What is expected
Could you transcribe exactly the lines below, from the line with "男性向けラノベタイトル風あだ名 | 『転生したらうるにだった件』 |" through the line with "黄色のダブル、豪華で綺麗!!", and nothing else, leaving out the pictures?

Material provided
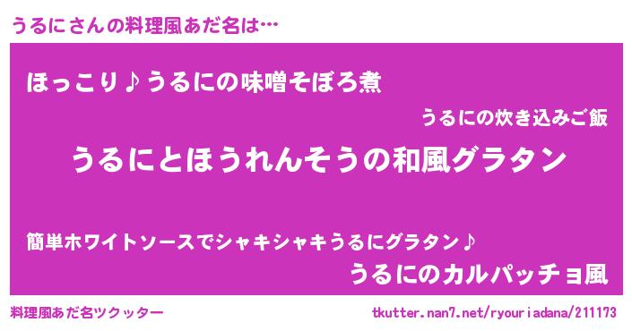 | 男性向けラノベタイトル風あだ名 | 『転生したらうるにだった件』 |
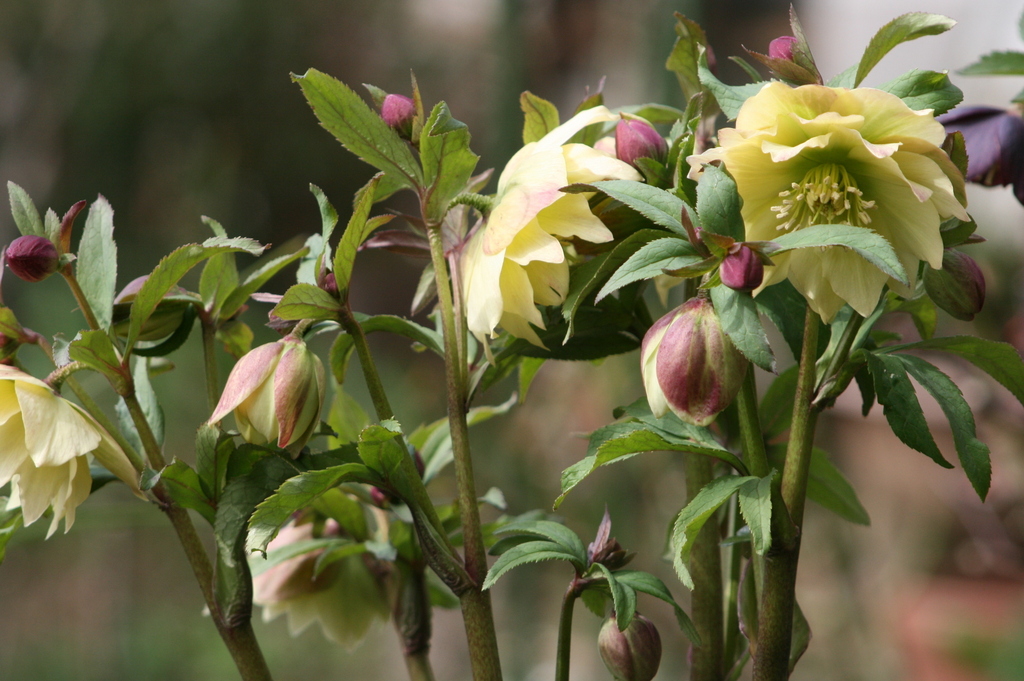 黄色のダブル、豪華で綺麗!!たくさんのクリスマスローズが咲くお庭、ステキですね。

--

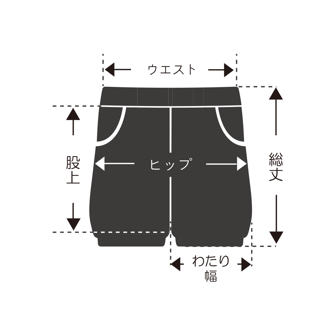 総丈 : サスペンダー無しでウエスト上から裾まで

==

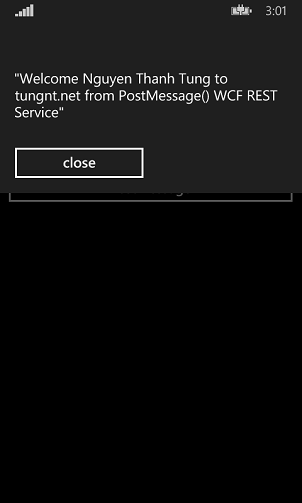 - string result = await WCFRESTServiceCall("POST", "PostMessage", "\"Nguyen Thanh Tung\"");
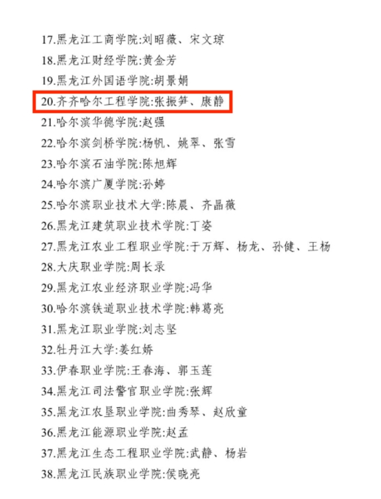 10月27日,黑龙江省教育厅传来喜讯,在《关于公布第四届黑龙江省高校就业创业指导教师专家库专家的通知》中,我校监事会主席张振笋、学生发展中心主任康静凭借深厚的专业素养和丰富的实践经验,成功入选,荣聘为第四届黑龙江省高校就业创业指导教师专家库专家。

Answer below
 | 男性向けラノベタイトル風あだ名 | 『転生したらうるにだった件』 |
 黄色のダブル、豪華で綺麗!!たくさんのクリスマスローズが咲くお庭、ステキですね。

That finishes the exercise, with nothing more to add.